§ Goal of the exercise
What is needed is an exact copy of the lines from the line holding "车内没有方向盘、踏板,超大曲" through the end of the material, with no other lines and no pictures.
------ Data to process ------
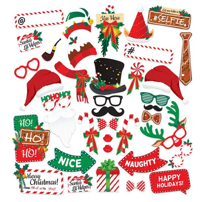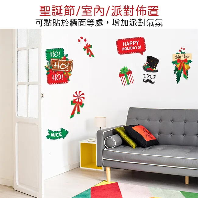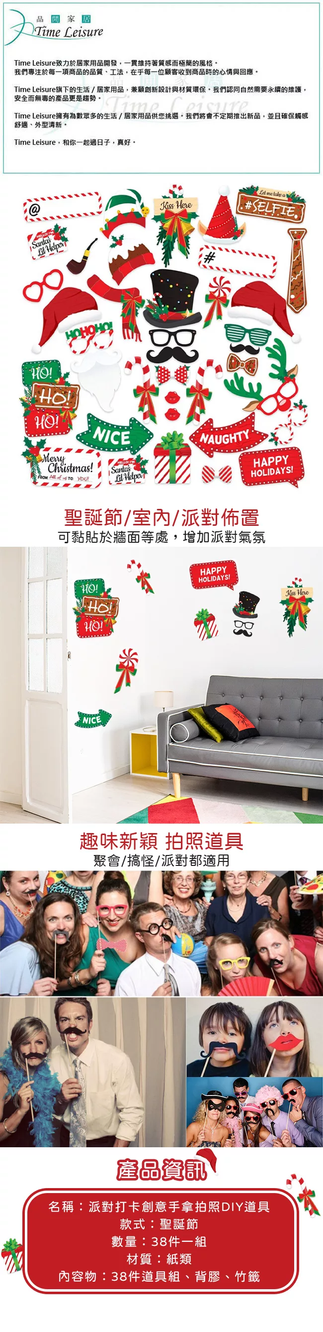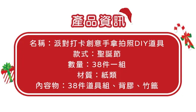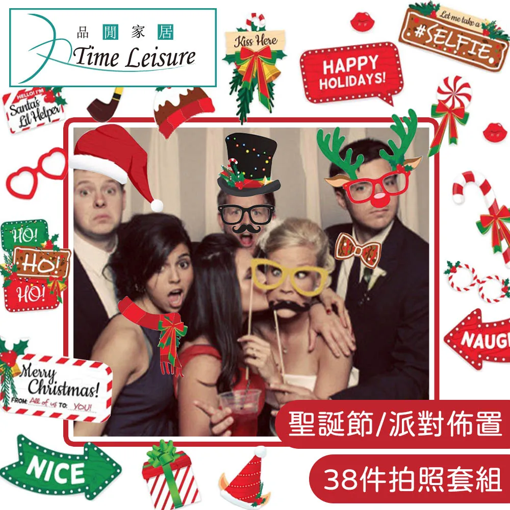 【Time Leisure 品閒】派對打卡創意手拿拍照道具(聖誕節38件套組)
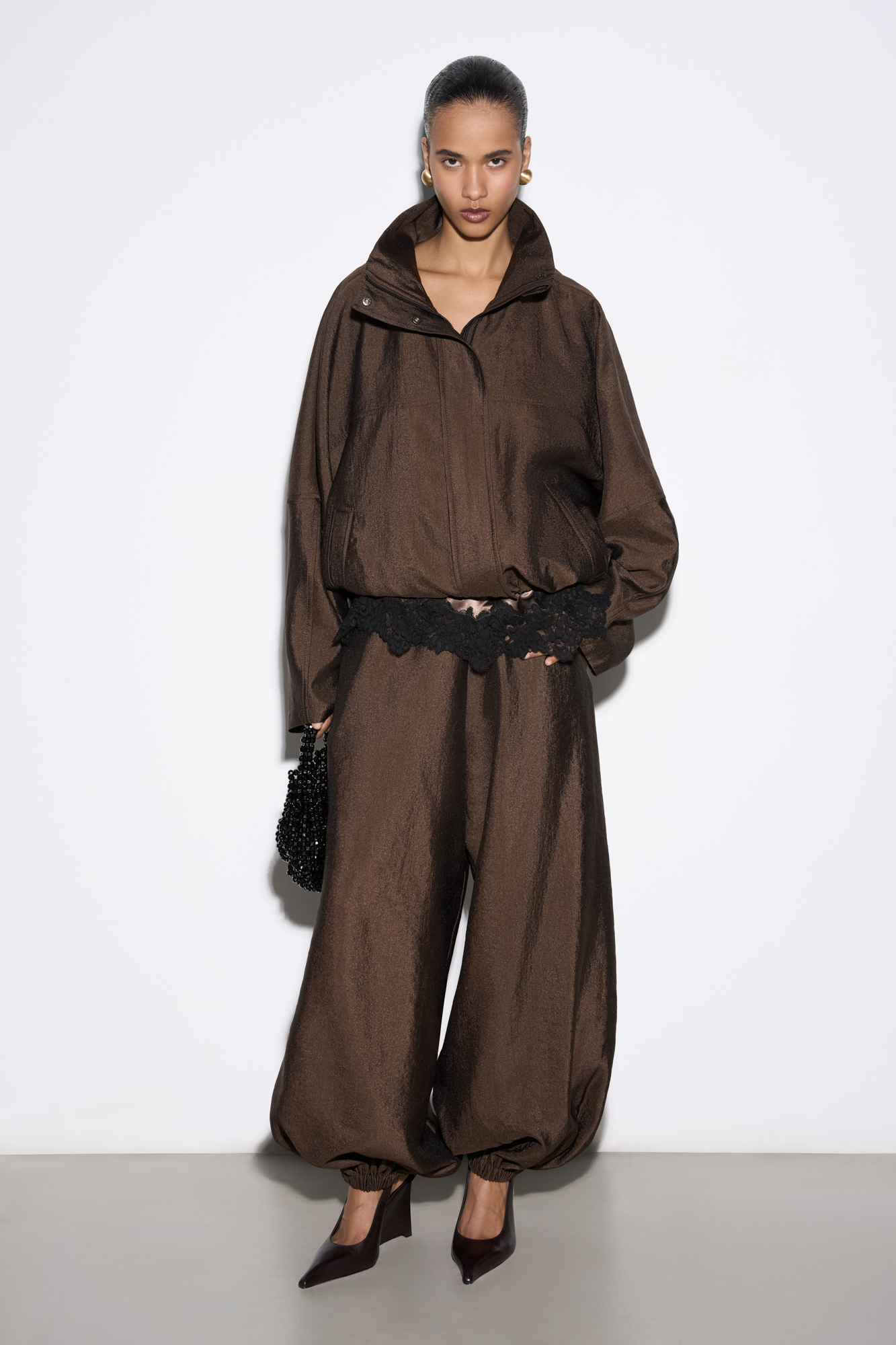 Широкие брюки-джоггеры из текстурной вискозы. Модель свободного силуэта с поясом на резинке.
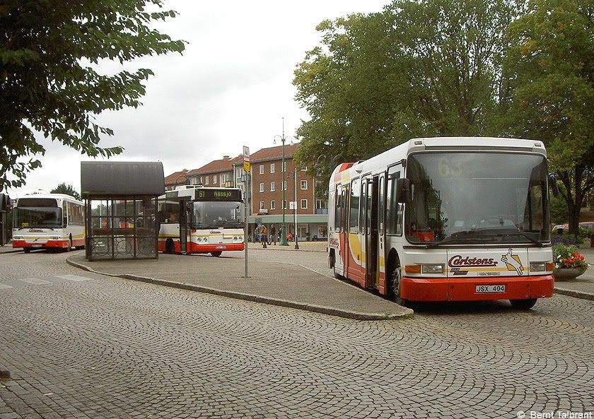 Tre storlekar på stadsbussar tillhörande Trafikbolaget Carlstens i Bodafors AB vid Stortorget i Nässjö på eftermiddagen den 16 september.
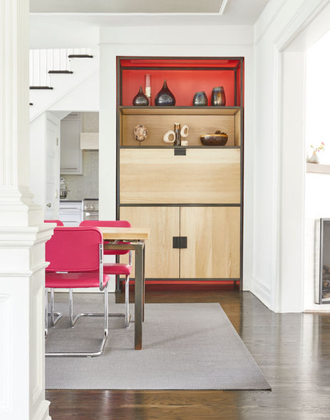 In this six-bedroom house upstate, we completed a full upper floor renovation of the primary suite, as well as other baths in the home, and selected furnishings, lighting, wall finishes, and decor.
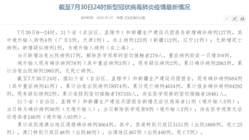 人民網北京7月31日電(董童)國家衛(wèi)生健康委于今日在官網發(fā)布的《截至7月30日24時新型冠狀病毒肺炎疫情最新情況》(以下簡稱“情況”)提出,7月30日0—24時,31個?。ㄗ灾螀^(qū)、直轄市)和新疆生產建設兵團報告新增確診病例127例,其中境外輸入病例4例(廣東3例,天津1例),本土病例123例(新疆112例,遼寧11例);無新增死亡病例;新增疑似病例1例,為境外輸入病例(在上海)。當日新增治愈出院病例17例,解除醫(yī)學觀察的密切接觸者279人,重癥病例較前一日增加8例。
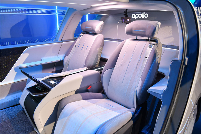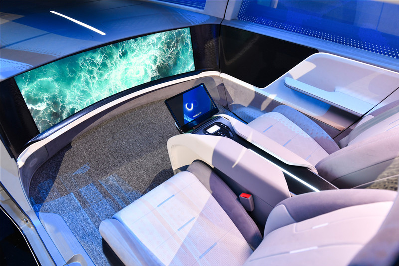 车内没有方向盘、踏板,超大曲面屏、智能控制台、变光玻璃、零重力座椅等智能化配置流露出浓浓的未来感。
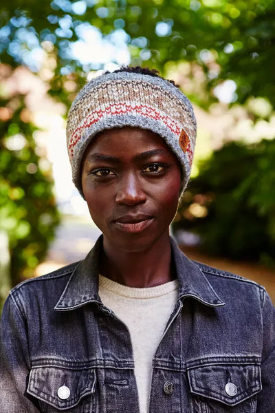 Pachamama Ladies Fairisle Headband, Grey , Handknitted , Fairtrade
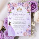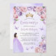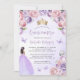 Cette jolie invitation de quinceañera comporte une bordure de violet lilas et roses roses rousses sur un arrière - plan d'aquarelle violette. Une tiara dorée, une brune en robe de princesse violette et de petits papillons violets décorent le texte. Le mot "Quinceañera" et le nom de l'invité d'honneur apparaissent dans un élégant script d'écriture violet, avec le texte restant en gris sans serif.
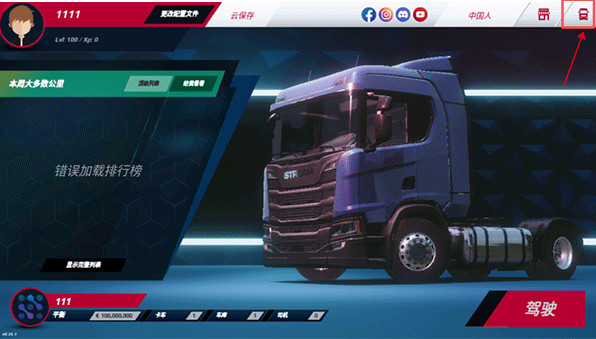 1、进入游戏界面后点击右上角的卡车图标按钮,进入车辆相关功能设置菜单。
------
§ Task response
 车内没有方向盘、踏板,超大曲面屏、智能控制台、变光玻璃、零重力座椅等智能化配置流露出浓浓的未来感。
 Pachamama Ladies Fairisle Headband, Grey , Handknitted , Fairtrade
 Cette jolie invitation de quinceañera comporte une bordure de violet lilas et roses roses rousses sur un arrière - plan d'aquarelle violette. Une tiara dorée, une brune en robe de princesse violette et de petits papillons violets décorent le texte. Le mot "Quinceañera" et le nom de l'invité d'honneur apparaissent dans un élégant script d'écriture violet, avec le texte restant en gris sans serif.
 1、进入游戏界面后点击右上角的卡车图标按钮,进入车辆相关功能设置菜单。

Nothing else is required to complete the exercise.